3) L2 cache miss rate: I was wondering whether the builtin "L2 Cache Miss Rate" ratio afforded by VTune is inconsistent with what most of us consider as "miss rate" (number of misses in L2 divided by number of accesses in L2). Being "L2 Cache Miss Rate" computed as L2_LINES_IN.SELF.ANY / INST_RETIRED.ANY, shouldn't it be called "miss per instruction"? Is it correct to compute L2 miss rate as:

L2_RQSTS.SELF.ANY.I_STATE / L2_RQSTS.SELF.ANY.MESI ?

TimP · ‎11-21-2009

In order to issue the maximum number of instructions per cycle, instructions have to be ready to go in a sufficient number of categories to use that many different ports. In order to do that, you might have to fill in relatively idle categories with useless instructions.
There are VTune counters for various categories of stall cycles.
CPI is over-rated by several of the documents; for example, the "best" CPI is generated during spin-wait loops.
Attempts have been made to improve measurability of latency in more recent CPU models; it would not surprise me if VTune over-estimated impact of misses. The primary job is to find out where the misses are significant.
Cache misses retired per instruction might be a useful indicator; a more traditional measure might be misses retired per lines accessed, but that gives less indication of the severity of the workload. I don't know what you'd do with requests; usually there are several requests per line accessed.
It seems there is some scope for opinion here; you probably don't need more of mine.

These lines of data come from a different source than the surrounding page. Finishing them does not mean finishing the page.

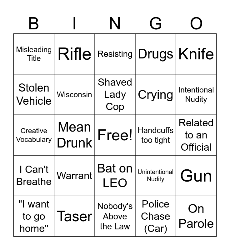 This bingo card has a free space and 69 words: I'm Pregnant!, Related to an Official, Calling for Relative, I have kids!, Taser, Sizing up officer, Drugs, Vomit, Knife, Decentralized, Gun, "You can't park there", Misleading Title, Resisting, Obstructing, Mean Drunk, Bat on LEO, Crying, High Functioning Drunk, I Can't Breathe, Handcuffs too tight, Unintentional Nudity, Intentional Nudity, "That's not mine", "I didn't do it", McDonalds, Trespassing, Knocked Out, Police Chase (Car), Foot Chase, Rifle, Patient Cop, Personal Phone Call, Personal Radio, Singing, GPS, 10-4, "Speak to your Sergeant", Stolen Vehicle, Suspended License, Warrant, On Parole, Spitting, Pee on Self, Bail Money, "I want to go home", Cop Mustache, Pepper Spray, 2/+ handcuffs, Wisconsin, Shaved Lady Cop, My Lawyer!, Whole Family Shows Up, Nobody's Above the Law, Explained Over and Over, We got you on camera, Cop Lecture, Escalating, Officer John in different location, Creative Vocabulary, Someone Gets Hit, Calling 911, Biting, Bad Censoring, Officer Sigh, "You're Hurting Me", Failed Taser, Mental Case and Dropped Bodycam.
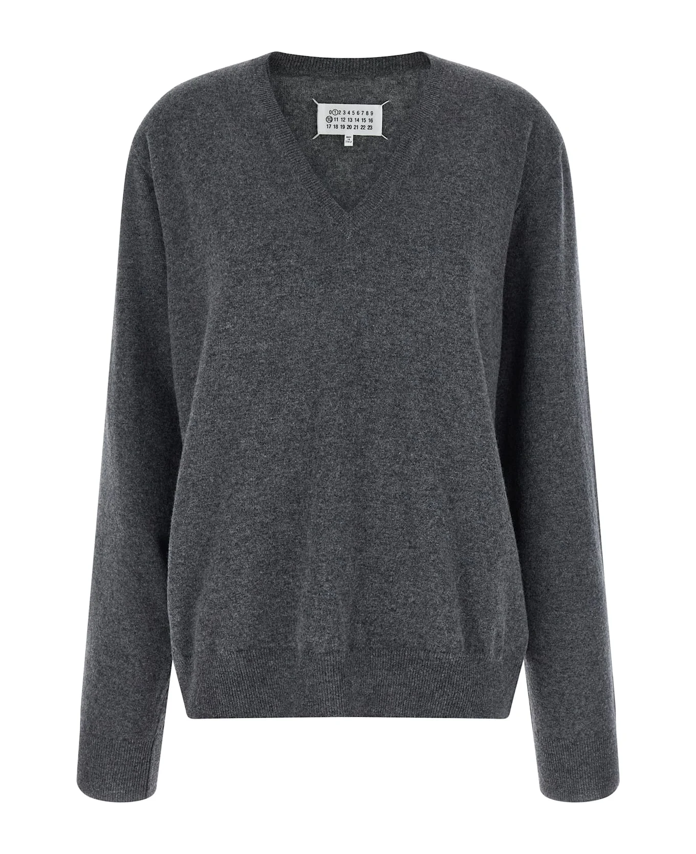 Virgin wool sweater with chain knitted fabric construction with thin thread, V-neck, long sleeves with cuffs and dropped shoulder, back 'Four Stitches'. The peculiarity of this product is given by the fact that it has been made through craftsmanship that make it a unique piece. Slight imperfections and slight differences between one garment and another are, therefore, to be considered normal and a guarantee of craftsmanship of the product. Composition: 100% virgin wool Made in: Italy Color: Gray Size and fit: - Comfort fit Model number: S51HN0006M13225859M
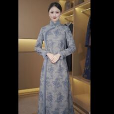 【蓝微】苏州正品冬季加绒保暖新款优雅气质文艺日常奥黛改良旗袍
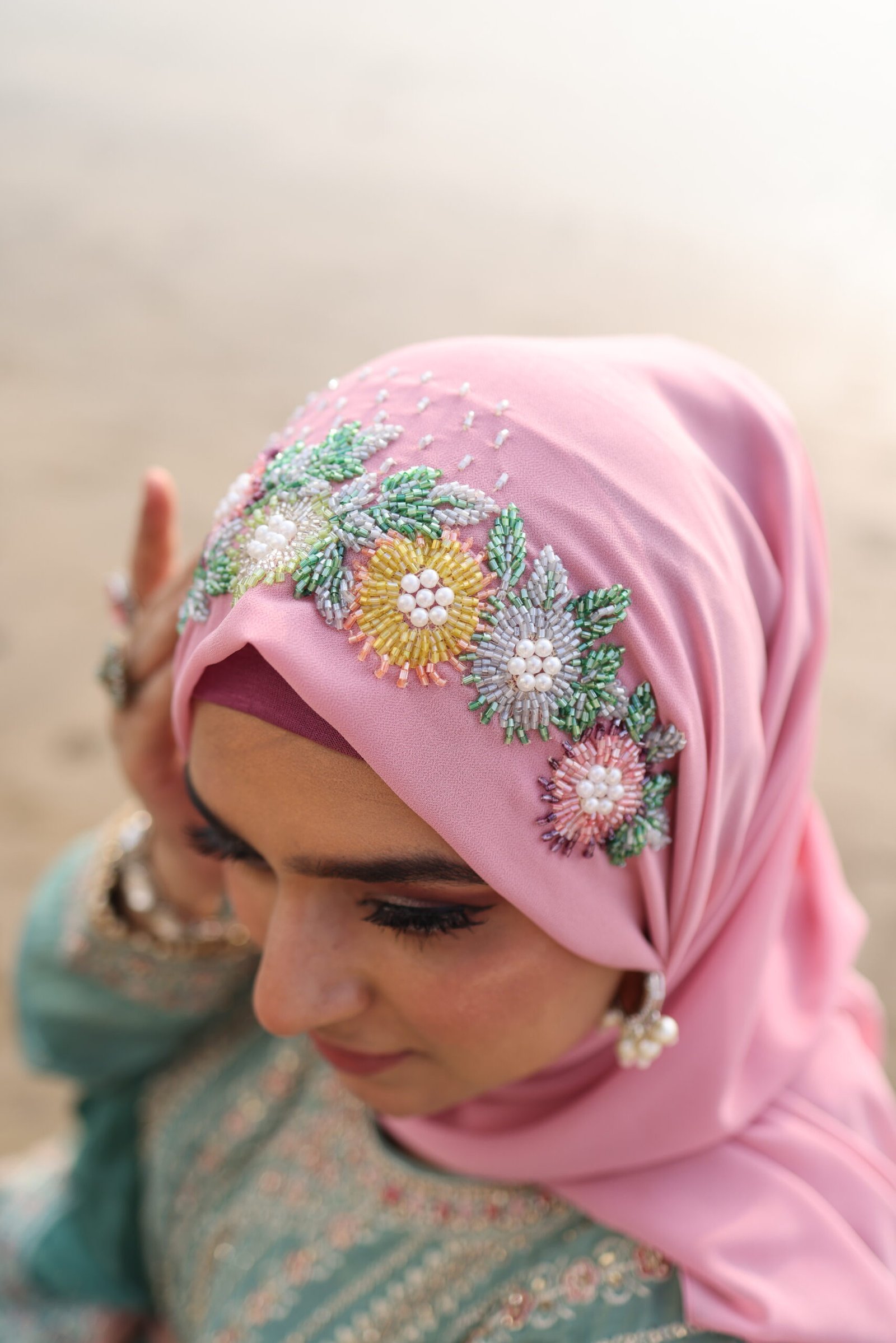 A timeless bridal hijab designed to add elegance and grace to your special day. This piece features intricate hand embellishments with cut dana, sequins, moti, pearls, zardozi, and resham dhaaga work, beautifully arranged along the centre panel to create a delicate and luxurious finish.
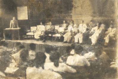 Hồ Chủ tịch nói chuyện với các học viên nhân buổi khai mạc lớp huấn luyện Bình dân học vụ khóa Hồ Chí Minh năm 1945.
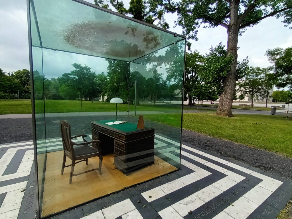 On Theodor W. Adorno Platz , named in honour of one of the founders of the Frankfurt School, there is a desk, a chair, a lamp and other objects placed on the desk, all under a glass dome. This work by Russian artist Vadim Zakharov was unveiled in 2003 to mark the 100th anniversary of the thinker’s birth.
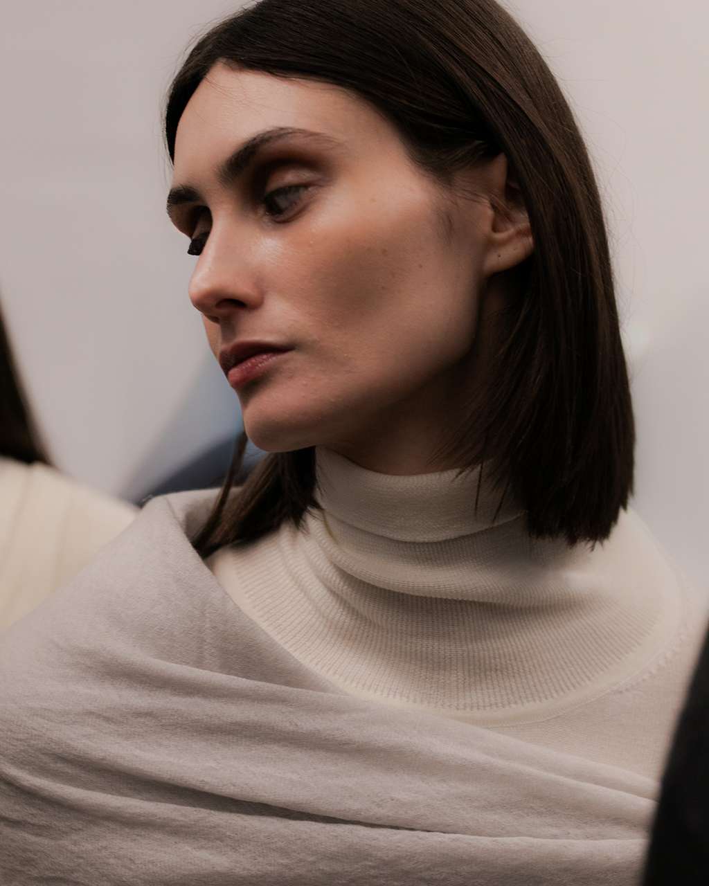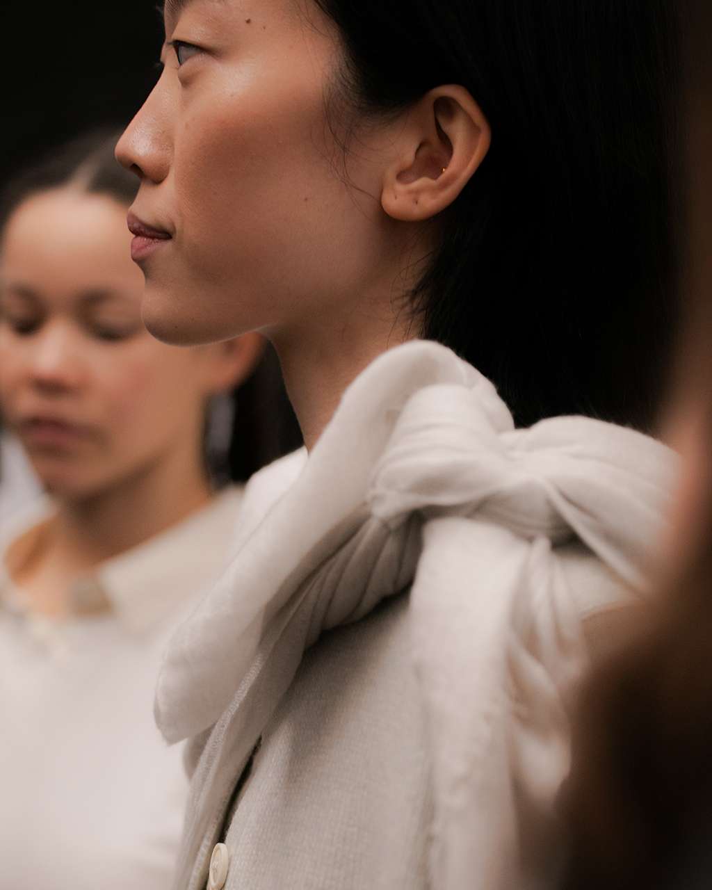 True to the brand’s materials-first approach, the palette remained understated and natural, featuring undyed ecru, dove mouliné, recycled silks, and fine wools. Drawn from nature and shaped by craft, the collection speaks softly, but with lasting resonance.
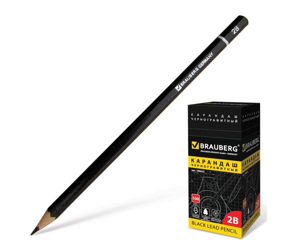 Карандаш Brauberg 2B"Touch line",черный заточенный
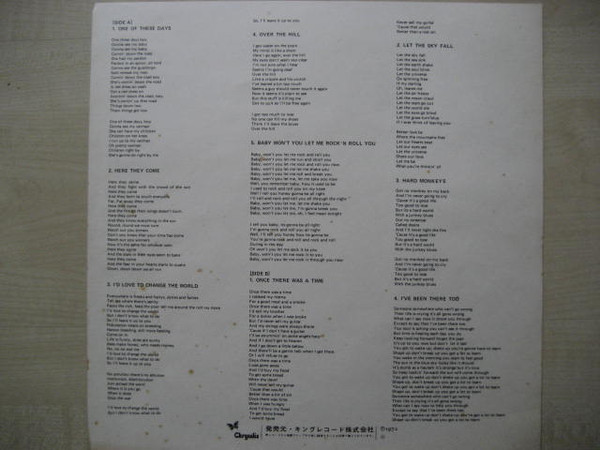 - Written-By – Alvin Lee (tracks: A1 to B4), A. Lee* (tracks: B5), C. Churchill* (tracks: 5), L. Lyons* (tracks: B5), R. Lee* (tracks: B5)

Peter_W_Intel · ‎11-21-2009

Harpertown is the code name of a quad-core server processor, Intel Core 2 family.

Please read article http://assets.devx.com/goparallel/18027.pdf by Dr. David Levinthal

-Peter

mrnm · ‎11-21-2009

Hi tim,

Thanks for the quick reply.

So if I understood well, ideal CPI is more a theoretical limit than a practical performance baseline. The correct way to compute the relative impact of stalls is:

RS_UOPS_DISPATCH.CYCLES_NONE / CPU_CLK_UNHALTED.CORE

With respect to L2 indicators, yes, I agree that "L2 misses per instruction" is probably more useful than miss rate. I only pointed out that the name of the ratio is kind of misleading ;) Still, I would like to measure the L2 miss rate to compare with results published elsewhere. Do you know how can I do that?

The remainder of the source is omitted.